AGA issues guidelines on use of intragastric balloon therapy for patients with obesity

Intragastric balloon therapy can be considered as a weight loss intervention in patients with obesity who have not seen success with conventional therapies, according to the American Gastroenterological Association (AGA).

Patients with obesity who have unsuccessfully tried conventional weight loss therapies may consider intragastric balloon (IGB) therapy to augment moderate- to high-intensity lifestyle modifications, according to new guidelines from the American Gastroenterological Association (AGA).

The guidelines were developed by the AGA Institute's Clinical Guidelines Committee and approved by the AGA Governing Board. An accompanying technical review includes a detailed synthesis of the evidence on which the recommendations were based. Both the guidelines and the evidence review were published April 1 by Gastroenterology.

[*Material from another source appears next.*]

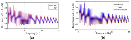 Figure 12a presents the receptance function of the cable exposed to the wind-rain load acting at 45 and 90 angle. Figure 12b shows the results from analysis of the cable that is excited by the wind, rain, and wind-rain as the punctual forces. The basic wind speed was assumed as 20 m/s, corresponding to the category of land as urban areas and lands with many tall trees.

Other recommendations include the following:

  • Patients undergoing IGB therapy should be treated with proton-pump inhibitors to minimize GI bleeding risk, the guidelines recommended.
  • Patients should be sedated for IGB placement with anesthetics associated with low nausea, and antinausea medication should be continued for two weeks, the guidelines suggested.
  • The guidelines suggested against screening IGB patients for nutritional deficiencies but did suggest providing one to two multivitamins after IGB placement.
  • After IGB removal, the guidelines suggested using dietary interventions, pharmacotherapy, repeat IGB, or bariatric surgery to maintain weight loss. Choice of maintenance strategy should be determined based on shared decision making, according to the guidelines.

Most of the guidelines' recommendations were conditional, and several were based on low- or very low-quality evidence. “The AGA acknowledges the limitations of the available evidence on this topic as well as the potential confounding based on IGB characteristics, RCT [randomized controlled trial] design, and geographic variations of included studies; however, a rigorous review of current data supports the efficacy and safety of IGBs for patients with obesity,” the guidelines' authors wrote.

Additional studies are needed to research long-term efficacy of IGB therapy versus the standard of care, predictors of device intolerance, and perioperative and post-IGB medication use, among other areas, the authors noted. They also stressed that most of the studies included in the technical review involved mainly White patients or did not report race or ethnicity. “Future research must concentrate on studying a more diverse patient population, identifying whether disparities exist in weight-loss treatment interventions offered to patients and assessing whether such disparities affect outcomes of weight-loss interventions,” the authors wrote.